Жестокий парадокс судьбы Мартина в том, что с каждой новой побежденной им вершиной культуры, с каждым новым постигнутым им секретом творчества он все больше отдаляется от того мира, который питал его творческие силы. Его не поймет португалка, дававшая ему крохи, отобранные у собственных оборванных детей, не прочтет его и фабричная работница, готовая отдать за него жизнь. И это понятно, потому что между автором философского памфлета о Метерлинке и девушке из народа, которая за всю жизнь несколько раз была в дешевых театрика для плебса, лежит духовная пропасть. Мартин Иден оказывается среди двух миров, в пустоте, изоляции, и его индивидуализм – лишь неизбежное следствие пережитой им отчужденности от всех. Поистине трагедия одиночки. Молодой художник никогда не сможет сидеть почетным гостем на литературных утренниках, ловя на себе восхищенные взгляды, и уже не способен, сбросив накопленный груз культуры, спуститься к своему миру. Конфликт, его до гибели неразрешимый, по словам Уитмена, «великий поэт не найдет себе и великой аудитории. Это не капитуляция. Это нынешнее мужество истинного художника.
Популярность нередко оборачивается для писателя не только приобретениями, она ведет и к известным потерям. Возникает опасность облегченного и выборочного восприятия его опыта. Создается некий образ, который первым впечатлением, произведенным книгами, не помогает, а скорее мешает понять его творчество во всей широте и многогранности.
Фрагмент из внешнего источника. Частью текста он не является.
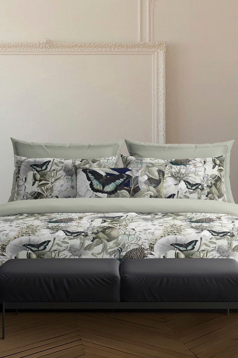 Parure de couette en satin de coton 80 fils/cm² Jardin orné - Vert clair et blanc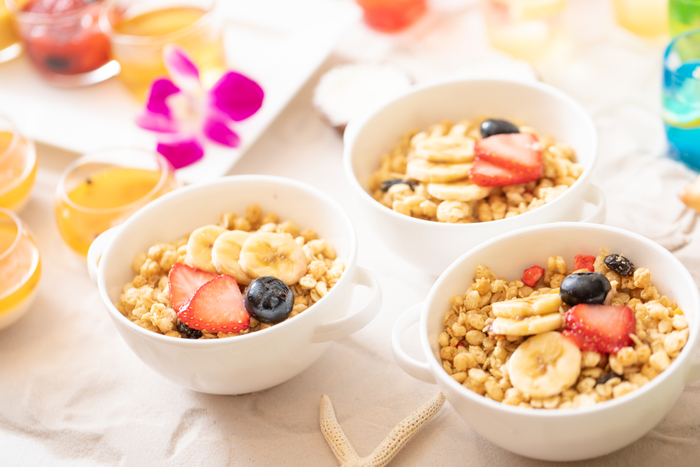 “ハワイアンパンケーキ”は、たっぷりの生クリーム、ホテルメイドのリリコイバターやグァバシロップ、濃厚なマカダミアナッツソースなどと一緒に楽しめる、シェフパティシエおすすめの一品です。その他、ハワイの定番デザート“アサイーボウル”や“パイナップルムース”など、全19種類のスイーツをご用意。フードは、ハワイの定番料理を料理長がストリングスホテル流にアレンジ。“ココナッツ香る 牛筋肉のカレー”や“ロコモコ風ショートパスタ”など、ボリューム感のあるメニューを食べ放題でお楽しみいただけます。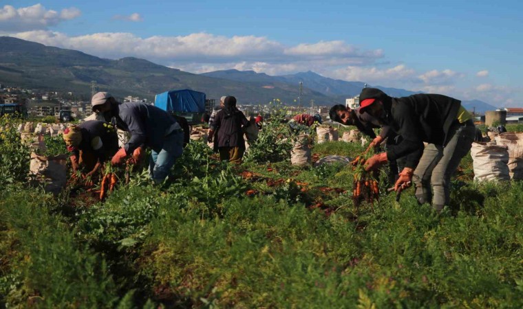 Kahramanmaraş merkezli depremlerden en çok yıkıma uğrayan Hatay’da, yaralar sarılmaya devam ediyor. Türkiye’nin en önemli tarım şehirlerden biri Hatay’ın bereketli Amik Ovası’nda geçtiğimiz aylarda başlayan havuç hasadında sona gelindi. Kırıkhan ilçesinde 4 aydan beri devam eden havuç hasadında tarım işçilerinin zorlu mesaisi ara vermeden sürüyor. Enkaz kentten 81 ile satılan havuç, tarladan 7 ile 12 TL arasında alıcı buluyor. Tarım işçileriyse havucun tonunu bin 300 TL’den topluyor.

Зачастую оказывается замечательной всего лишь одна, и обычно не самая существенная, сторона творческой индивидуальности мастера. «Вы говорили: Джек Лондон, деньги, любовь, страсть», – ироническая строка Маяковского чрезвычайно точно доносит именно тот стереотип отношения к американскому прозаику. И теперь, спустя время, хорошо видно, что в творчестве Лондона было только данью иллюзиям и не пережило испытаний реальной жизнью, а что осталось в литературе навсегда.
Огромным литературным достоянием для литературы стал роман «Мартин Иден» – творческая вершина Джека Лондона. В советское время отечественные критики не раз пытались истолковать роман как обличение продажности буржуазного общества, жертвой которого становится передовое, что капитулировал в конечном итоге. Такая критика оправдана, но все же слишком однозначна и резка. Причины, которые привели Мартина к жизненной катастрофе, лежат глубже, и дело не в одной лишь «капитуляции». Да и была ли она? Ведь Мартин не штамповал книгу за книгой, когда издатели брали нарасхват все, что он пишет. Он ушел из жизни, поняв, что талант покинул его навсегда. Изображение законов «успеха» отодвинулось на второй план, когда Лондон в полной мере ощутил масштаб и значение того образа художника, что он создавал. Тему романа писатель сформулировал сам: «трагедия одиночки, пытающегося внушить истину миру». Драма героя начинается не в момент его встречи с Руфью Морз. Несоразмерность их духовных горизонтов слишком очевидна, чтобы Руфь всерьез могла влиять на Мартина, приобщая его к своим вульгарным «идеалам». В его отношениях с Руфью разыгрывается конфликт эстетической красоты и грубой жизненной реальности, что скажется на дальнейшей судьбе героя и станет неразрешимым противоречием всей жизни.
Джек Лондон добавил этой проблеме «вечное» значение. Ведь его герой – художник, вышедший из народа, а это явление, ставшее характерным лишь в XX веке. И сущность этой драмы не исчерпывается тем, что Мартина ждет нищета и что он потратит весь отпущенный ему запас творческих сил, прежде чем к нему придет признание. Несомненно, он мог бы сделать больше и не расплачиваться за каждый свой шаг в искусстве, или бы не принес в него совершенно новый жизненный опыт и свое суровое мироощущение.
Драма начинается тогда, когда Мартин, осознав в себе художника, решает сделать искусство своей профессией. Молодой писатель следует заветам поэта Бриссендена: любить красоту ради нее самой, служа ей беззаветно. Но ведь творчество невозможно без воспринимающего его, без той самой публики, которой с полным основанием пренебрегает Бриссенден, а вслед за ним и Мартин. Все дело в том, что публика – это Морз и им подобные. В начале творчества – это большой творческий порыв, а завершение творческого акта – это медные трубы ада: мелочная и недостойна борьба с издателями, блошиные укусы критиков и ругань шедевра самодовольными толстосумами. И Мартин не может выйти из этого порочного круга.